**WHAT YOU NEED TO DO**
Each record that follows should be repeated exactly, with no pictures carried over.

**DATA TO USE**
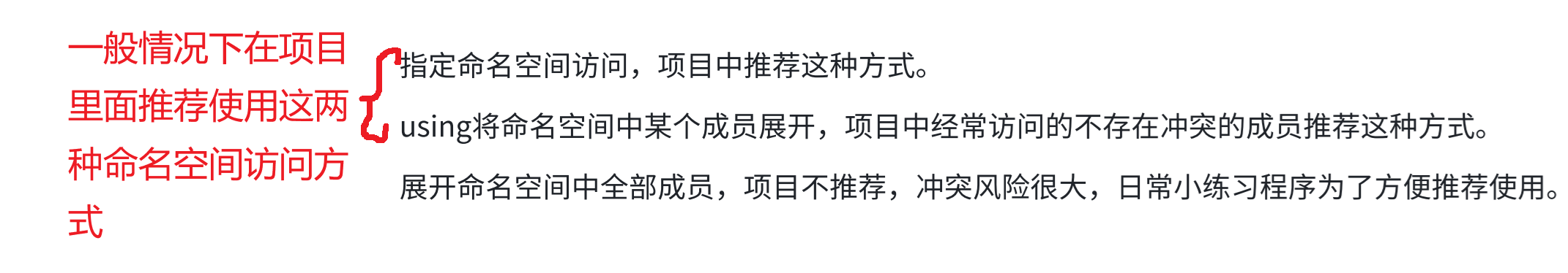 这样是把命名空间里面的东西暴露到全局去了,虽然它叫“展开命名空间”,但是这个展开的意思其实就是把标准库里面的比如说头文件(这个<iostream>就是拿namespace std包起来的),也就是说,这句话的意思就相当于暴露到全局了:
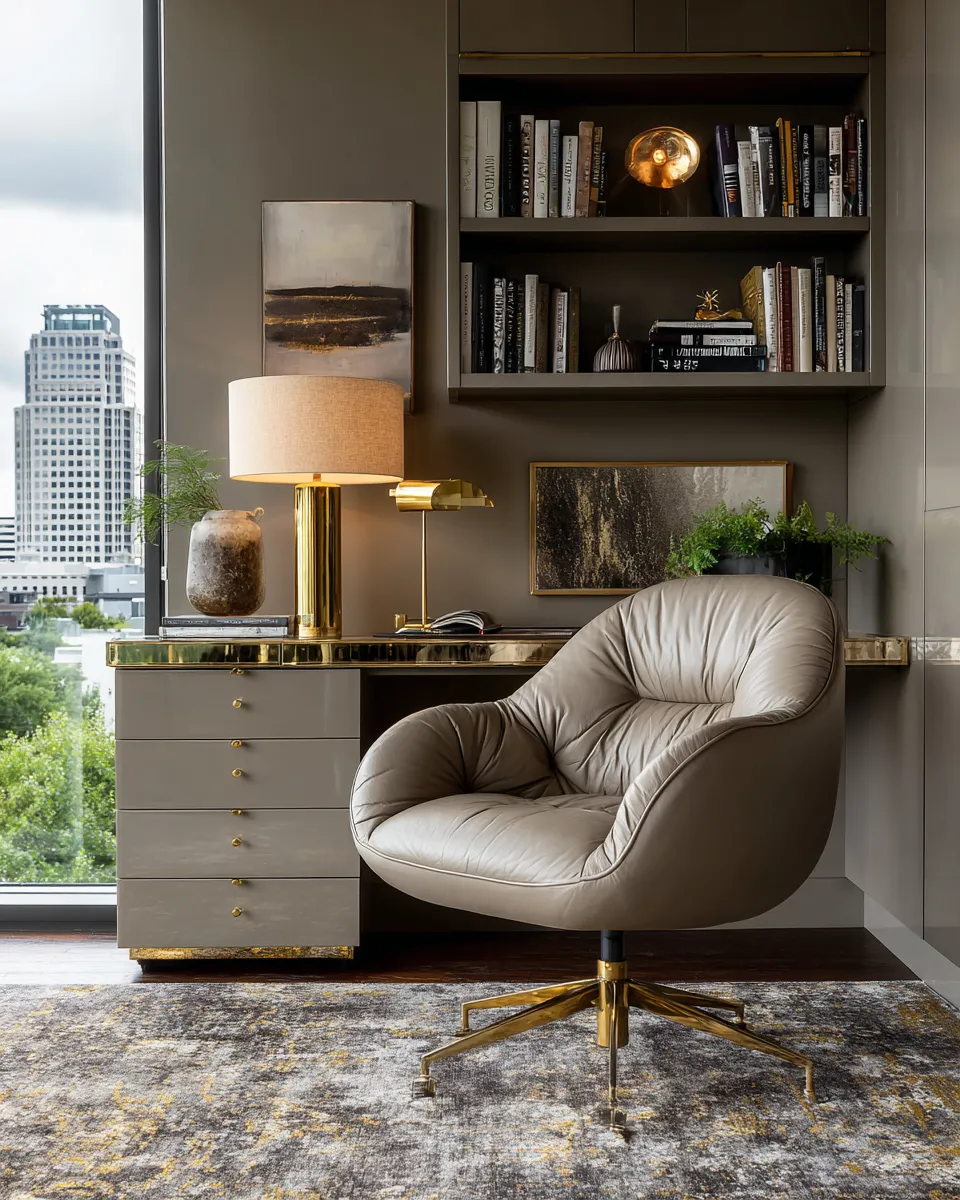 Opt for a stylish desk – perhaps a mirrored or dark wood finish – paired with an ergonomically sound yet elegant chair. Incorporate refined storage solutions like lacquered cabinets or floating shelves with decorative boxes. Add personality with curated artwork and ambient lighting from a stylish desk lamp. A plush rug can define the workspace and add warmth. This blend of function and form is key.
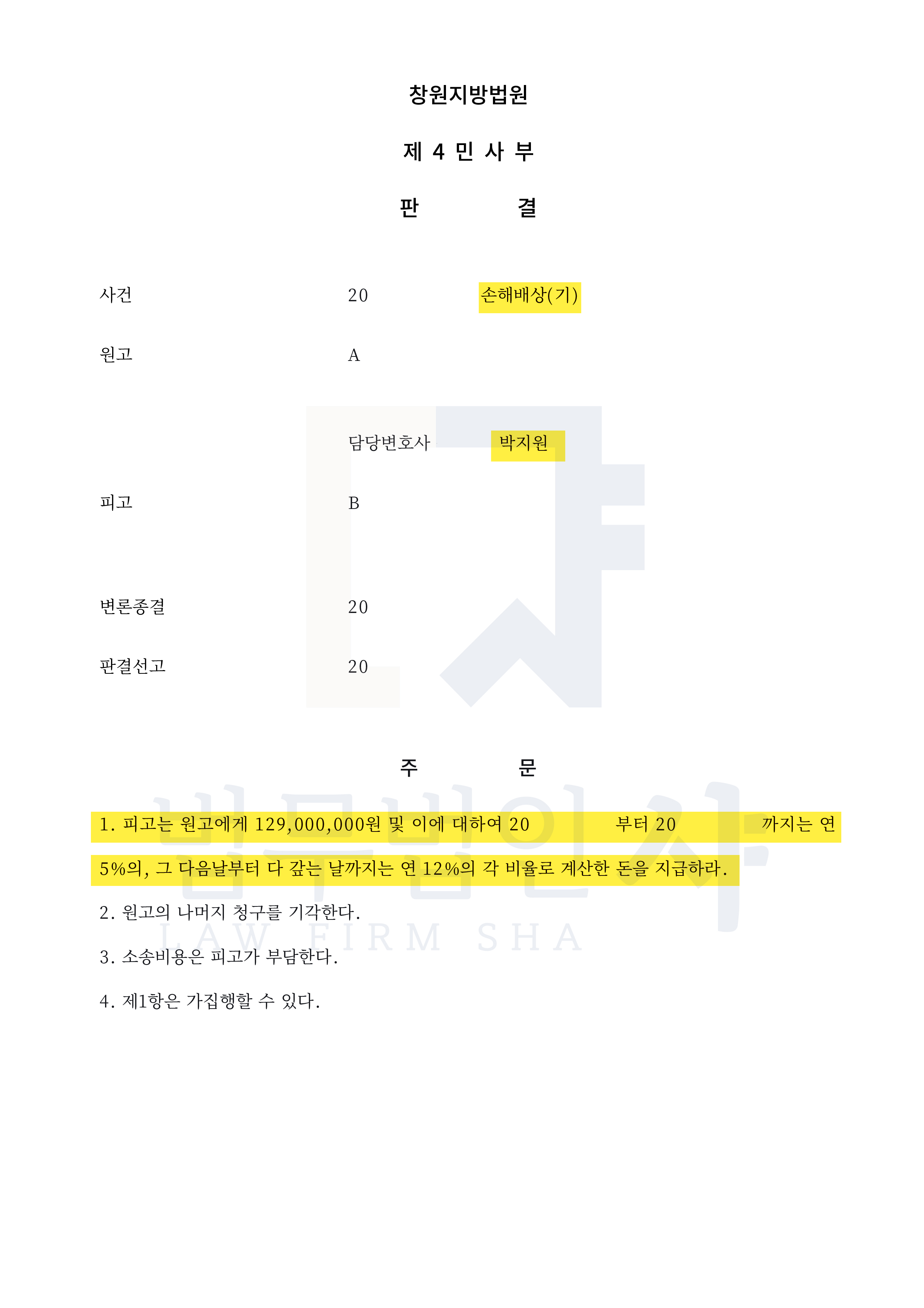 결국 피고는 원고에게 129,000,000원 및 이에 대한 지연손해금을 지급하라는 판결을 받았으며, 소송비용도 부담하게 되었습니다.
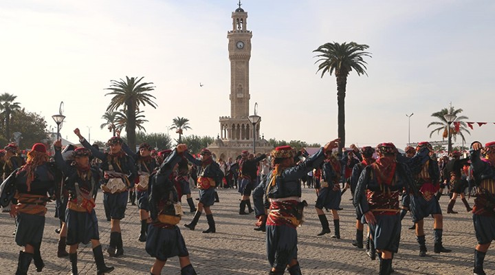 ?l Milli E?itim Müdürlü?ünden yap?lan aç?klamaya göre, Konak Meydan?'nda gerçekle?tirilen gösteride Karaba?lar, Gaziemir, Konak, Balçova, Bornova, Buca, Kar??yaka, Menemen ve Bayrakl? halk e?itim merkezlerinden kursiyerler yer ald?.
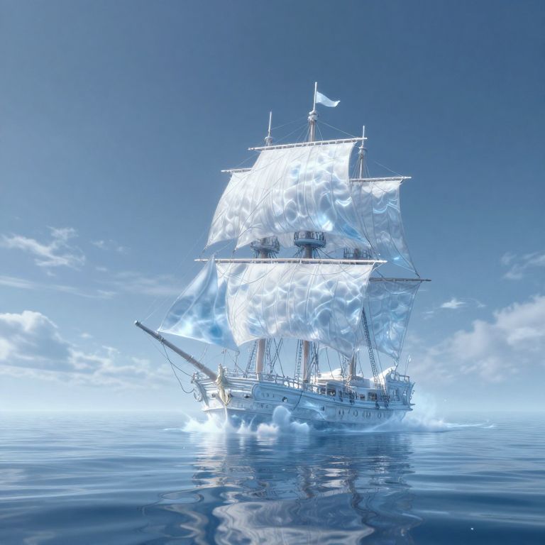 Sails of ethereal ice ripple and shimmer as they catch invisible winds, propelling ghostly ships across a mirrored sea where the boundary between water and sky dissolves into a dreamlike realm.
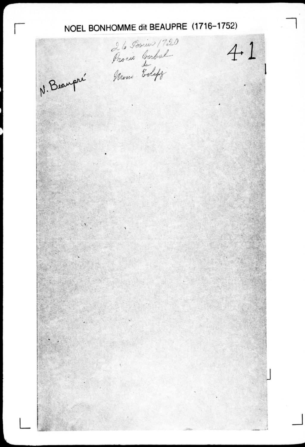 Procès-verbal de ligne et bornes séparant deux terres situées à la rivière Maskinongé, seigneurie de Maskinongé. La présente pièce concerne directement: Joseph Petit Bruno (Bruneau), seigneur de Maskinongé; François Dupuy (Dupuis) (arpenteur Noël Bonhomme dit Beaupré), 26 février 1720, Archives nationales à Québec, Fonds Cour supérieure. District judiciaire de Québec. Greffes d'arpenteurs, (03Q,CA301,S2,P43).
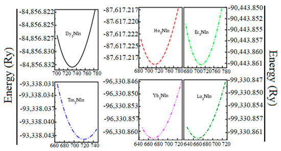 From Table 1, the computed lattice constants for Dy3NIn are in the range of 4.744 to 4.856, for Ho3NIn are in the range of 4.728 to 4.804, for Er3NIn are in the range of 4.684 to 4.769, for Tm3NIn are in the range of 4.644 to 4.731, for Yb3NIn are in the range of 4.632 to 4.718, and for Lu3NIn are in the range of 4.4.621 to 4.695. The ground state energies for Dy3NIn are in the range of −84,856.83297 to −84,856.53872 Ry, for Ho3NIn are in the range of −87,617.534213 to −87,617.12521 Ry, for Er3NIn are in the range of −90,444.208576 to −90,443.208576 Ry, for Tm3NIn are in the range of −93,338.043837 to −93,337.59376Ry, for Yb3NIn are in the range of −96,301.085485 to −96,299.93979Ry, and for Lu3NIn are in the range of −99,330.92911 to −99,330.78657Ry. The comparison between the estimated and experimental lattice constants is plotted in Figure 4 and given in Table 1, which demonstrates that the given results are in accordance with the experiments [11,17].
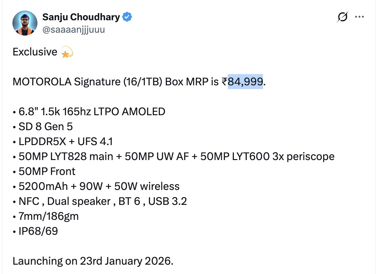 The latest information comes from tipster Sanju Choudhary, who claims that the 16GB RAM + 1TB storage variant of the Motorola Signature will carry a boxed MRP of ₹84,999. As usual, the boxed MRP is expected to be higher than the actual retail selling price.
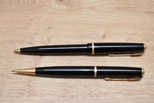A Parker Duofold ballpoint pen and propelling pencil set in black with narrow decorative band. Boxed with a Parker Sonnet ballpoint in matt black and a Parker ballpoint in blue with stainless steel cap
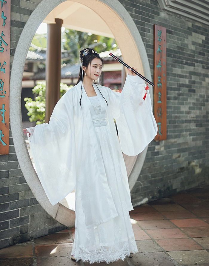 白色女汉服表演艺术照片摄影节日庆典民族服饰大袖衫汉服套装热门设计联盟服务商
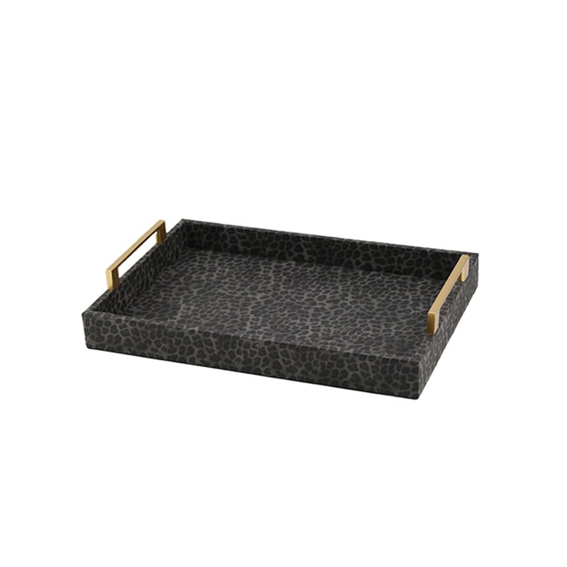 Home - HOME DECOR - Tray - leopard print rectangular tray with metal handles
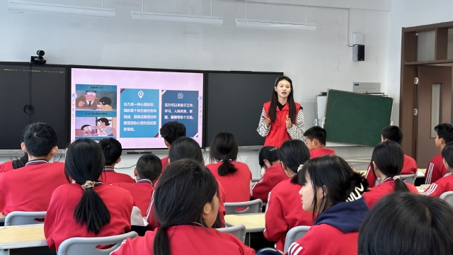 座谈中,双方就加强校校合作,以大学生专业力量护航青少年心理健康发展深入讨论。授课由山东省大学生心理学应用技能大赛教学创新赛道一等奖获得者张明扬主讲,她结合中学生考前常见的身心反应,以互动游戏开启破冰环节;随后,志愿者利用情景案例和互动游戏,从什么是压力、压力是敌是友以及解压小秘诀等多个角度进行深入浅出的讲解,引导学生以一个积极乐观的情绪状态面对考试,缓解考前焦虑与紧张情绪。
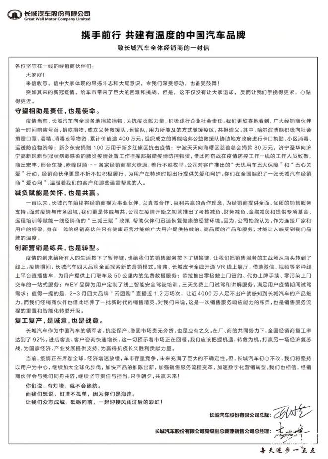 前不久,长城汽车经销商联名“上书”魏建军突然火了,很容易让人联想到最近两年一些品牌经销商上演的倒逼主机厂戏码,就算长城汽车这些年发展非常好,面对车市寒冬与疫情的影响,可能也是向厂家要更多的政策渡过难关,但实际上,这封信的内容是对长城汽车厂家在疫情期间的支持表示感谢,以及对未来发展的信心。
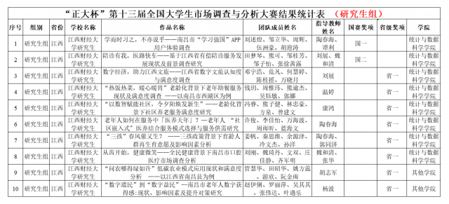 经过前期校赛、企业命题赛、省赛的层层选拔,江西赛区最终共有8支队伍晋级全国总决赛,其中包含我校统计与数据科学学院2支队伍:由刘述煌、邹立华、周辉、伍洲豪、胡迎涛五位同学组成的“每天学习强国队”,凭借作品《学而时习之,不亦说乎——南昌市“学习强国”APP用户体验调查》(指导老师:陶春海、谭利)斩获全国一等奖,也是我校研究生首次获得全国一等奖;由田梦琴、熊可、邹桂芳、邹子怡、张徐茜露五位同学组成的“医路快车队”,凭借作品《陪诊有我,医路快车——基于江西省有偿陪诊服务发展现状及前景调查研究》(指导老师:刘展、魏和清)获得全国二等奖。
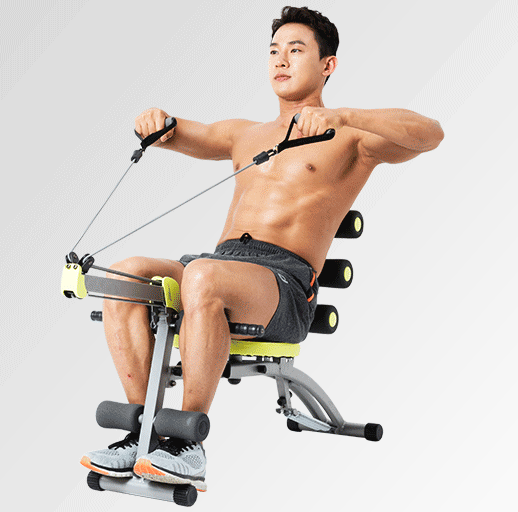 • 1️⃣ Despliega y Ajusta-Coloca la máquina en una superficie plana, abre los brazos de resistencia y ajusta la tensión según tu nivel.
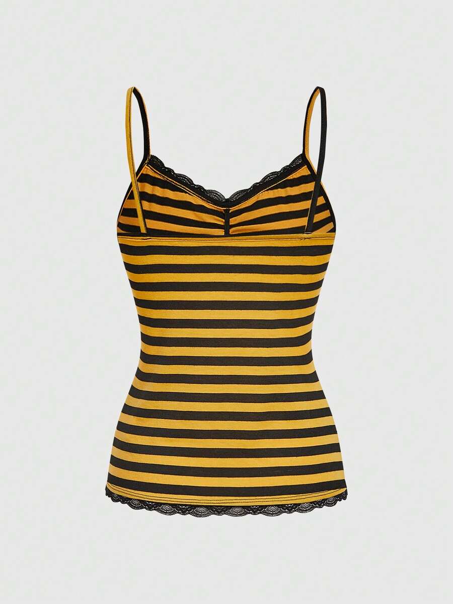 Camisole ajustée à patchwork de rayures et de dentelle
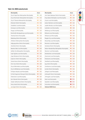 Table 162. MIMI maturity levels MUNICIPAL INNOVATION MATURITY INDEX (MIMI) 147
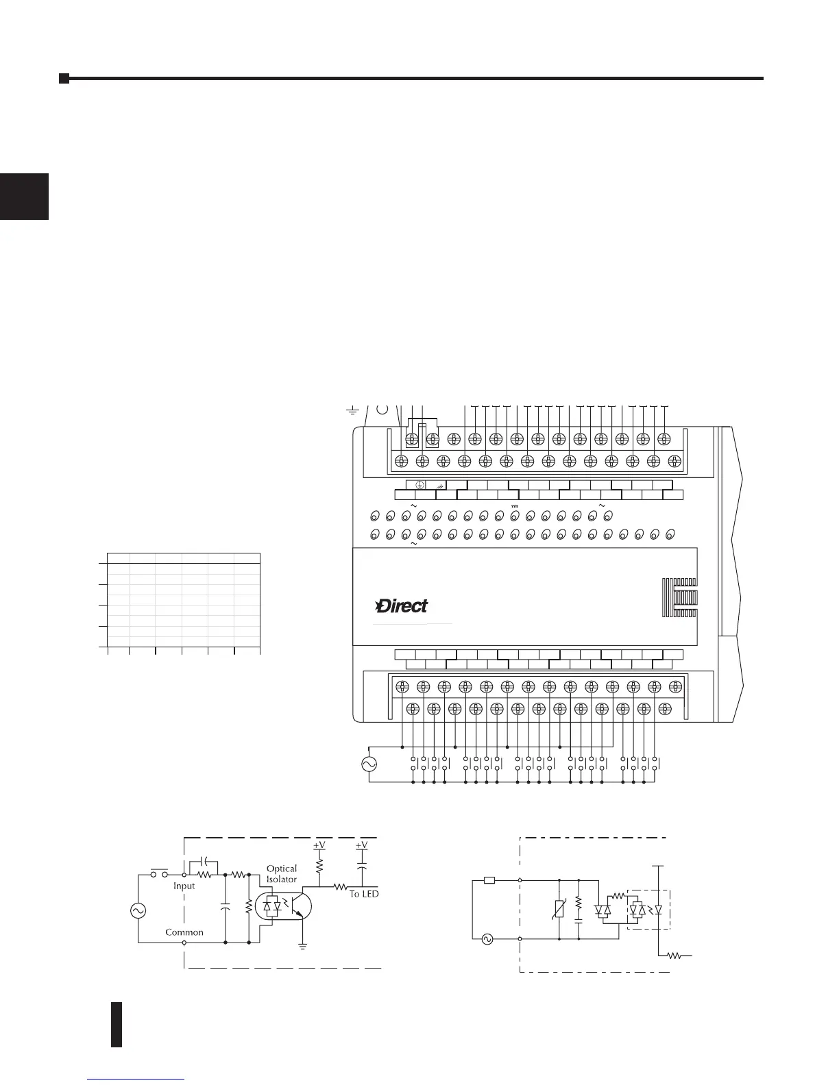 The D0–06AA PLC has twenty AC inputs and sixteen AC outputs. The following diagram shows a
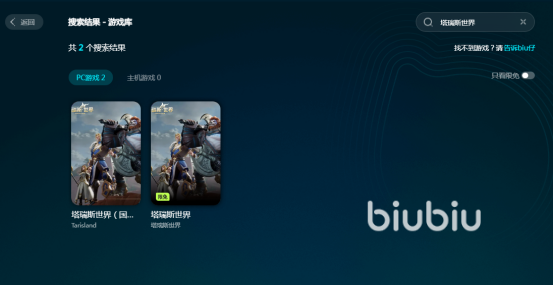 Biubiu是款海量游戏库,目前超过2万多款游戏都能在线搜索,除了有国服专区之外还有其他外服游戏。当前推送出限免游戏池,很多热门国服都处于限时免费状态,目前塔瑞斯在没有会员的情况下,也可限时免费畅玩。
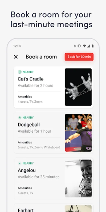 Easily find the closest available meeting room on the interactive workplace map, so you can book a space, even when you’re on the go. Check in to your next meeting right from your phone, or free up the room for someone else.
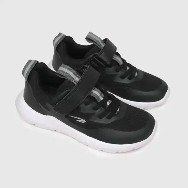 Par. De Niño Deportiva Negra. Fabricada Con Materiales de Calidad Especialmente Elegidos Para Mantener la Temperatura Adecuada Del Pie. -Capellada 20% Sintético 80% Textil. -Forro 100% Textil. -Plantilla 100% Textil Antibacterial Con Medidor de Talla Que Otorga Control Para un Calce Perfecto. -Suela 100% Phylon Liviana y Flexible. -Tipo de Cierre: Velcro-Cordón Elástico -Altura Caña: Baja.
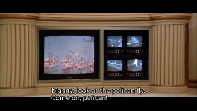 Then we see Tony watch television and take a bath. He clearly does not know the difference between a pelican and a flamingo. Come on pelican.

**RESULT FOR THIS TASK**
 这样是把命名空间里面的东西暴露到全局去了,虽然它叫“展开命名空间”,但是这个展开的意思其实就是把标准库里面的比如说头文件(这个<iostream>就是拿namespace std包起来的),也就是说,这句话的意思就相当于暴露到全局了:
 Opt for a stylish desk – perhaps a mirrored or dark wood finish – paired with an ergonomically sound yet elegant chair. Incorporate refined storage solutions like lacquered cabinets or floating shelves with decorative boxes. Add personality with curated artwork and ambient lighting from a stylish desk lamp. A plush rug can define the workspace and add warmth. This blend of function and form is key.
 결국 피고는 원고에게 129,000,000원 및 이에 대한 지연손해금을 지급하라는 판결을 받았으며, 소송비용도 부담하게 되었습니다.
 ?l Milli E?itim Müdürlü?ünden yap?lan aç?klamaya göre, Konak Meydan?'nda gerçekle?tirilen gösteride Karaba?lar, Gaziemir, Konak, Balçova, Bornova, Buca, Kar??yaka, Menemen ve Bayrakl? halk e?itim merkezlerinden kursiyerler yer ald?.
 Sails of ethereal ice ripple and shimmer as they catch invisible winds, propelling ghostly ships across a mirrored sea where the boundary between water and sky dissolves into a dreamlike realm.
 Procès-verbal de ligne et bornes séparant deux terres situées à la rivière Maskinongé, seigneurie de Maskinongé. La présente pièce concerne directement: Joseph Petit Bruno (Bruneau), seigneur de Maskinongé; François Dupuy (Dupuis) (arpenteur Noël Bonhomme dit Beaupré), 26 février 1720, Archives nationales à Québec, Fonds Cour supérieure. District judiciaire de Québec. Greffes d'arpenteurs, (03Q,CA301,S2,P43).
 From Table 1, the computed lattice constants for Dy3NIn are in the range of 4.744 to 4.856, for Ho3NIn are in the range of 4.728 to 4.804, for Er3NIn are in the range of 4.684 to 4.769, for Tm3NIn are in the range of 4.644 to 4.731, for Yb3NIn are in the range of 4.632 to 4.718, and for Lu3NIn are in the range of 4.4.621 to 4.695. The ground state energies for Dy3NIn are in the range of −84,856.83297 to −84,856.53872 Ry, for Ho3NIn are in the range of −87,617.534213 to −87,617.12521 Ry, for Er3NIn are in the range of −90,444.208576 to −90,443.208576 Ry, for Tm3NIn are in the range of −93,338.043837 to −93,337.59376Ry, for Yb3NIn are in the range of −96,301.085485 to −96,299.93979Ry, and for Lu3NIn are in the range of −99,330.92911 to −99,330.78657Ry. The comparison between the estimated and experimental lattice constants is plotted in Figure 4 and given in Table 1, which demonstrates that the given results are in accordance with the experiments [11,17].
 The latest information comes from tipster Sanju Choudhary, who claims that the 16GB RAM + 1TB storage variant of the Motorola Signature will carry a boxed MRP of ₹84,999. As usual, the boxed MRP is expected to be higher than the actual retail selling price.
A Parker Duofold ballpoint pen and propelling pencil set in black with narrow decorative band. Boxed with a Parker Sonnet ballpoint in matt black and a Parker ballpoint in blue with stainless steel cap
 白色女汉服表演艺术照片摄影节日庆典民族服饰大袖衫汉服套装热门设计联盟服务商
 Home - HOME DECOR - Tray - leopard print rectangular tray with metal handles
 座谈中,双方就加强校校合作,以大学生专业力量护航青少年心理健康发展深入讨论。授课由山东省大学生心理学应用技能大赛教学创新赛道一等奖获得者张明扬主讲,她结合中学生考前常见的身心反应,以互动游戏开启破冰环节;随后,志愿者利用情景案例和互动游戏,从什么是压力、压力是敌是友以及解压小秘诀等多个角度进行深入浅出的讲解,引导学生以一个积极乐观的情绪状态面对考试,缓解考前焦虑与紧张情绪。
 前不久,长城汽车经销商联名“上书”魏建军突然火了,很容易让人联想到最近两年一些品牌经销商上演的倒逼主机厂戏码,就算长城汽车这些年发展非常好,面对车市寒冬与疫情的影响,可能也是向厂家要更多的政策渡过难关,但实际上,这封信的内容是对长城汽车厂家在疫情期间的支持表示感谢,以及对未来发展的信心。
 经过前期校赛、企业命题赛、省赛的层层选拔,江西赛区最终共有8支队伍晋级全国总决赛,其中包含我校统计与数据科学学院2支队伍:由刘述煌、邹立华、周辉、伍洲豪、胡迎涛五位同学组成的“每天学习强国队”,凭借作品《学而时习之,不亦说乎——南昌市“学习强国”APP用户体验调查》(指导老师:陶春海、谭利)斩获全国一等奖,也是我校研究生首次获得全国一等奖;由田梦琴、熊可、邹桂芳、邹子怡、张徐茜露五位同学组成的“医路快车队”,凭借作品《陪诊有我,医路快车——基于江西省有偿陪诊服务发展现状及前景调查研究》(指导老师:刘展、魏和清)获得全国二等奖。
 • 1️⃣ Despliega y Ajusta-Coloca la máquina en una superficie plana, abre los brazos de resistencia y ajusta la tensión según tu nivel.
 Camisole ajustée à patchwork de rayures et de dentelle
 Table 162. MIMI maturity levels MUNICIPAL INNOVATION MATURITY INDEX (MIMI) 147
 The D0–06AA PLC has twenty AC inputs and sixteen AC outputs. The following diagram shows a
 Biubiu是款海量游戏库,目前超过2万多款游戏都能在线搜索,除了有国服专区之外还有其他外服游戏。当前推送出限免游戏池,很多热门国服都处于限时免费状态,目前塔瑞斯在没有会员的情况下,也可限时免费畅玩。
 Easily find the closest available meeting room on the interactive workplace map, so you can book a space, even when you’re on the go. Check in to your next meeting right from your phone, or free up the room for someone else.
 Par. De Niño Deportiva Negra. Fabricada Con Materiales de Calidad Especialmente Elegidos Para Mantener la Temperatura Adecuada Del Pie. -Capellada 20% Sintético 80% Textil. -Forro 100% Textil. -Plantilla 100% Textil Antibacterial Con Medidor de Talla Que Otorga Control Para un Calce Perfecto. -Suela 100% Phylon Liviana y Flexible. -Tipo de Cierre: Velcro-Cordón Elástico -Altura Caña: Baja.
 Then we see Tony watch television and take a bath. He clearly does not know the difference between a pelican and a flamingo. Come on pelican.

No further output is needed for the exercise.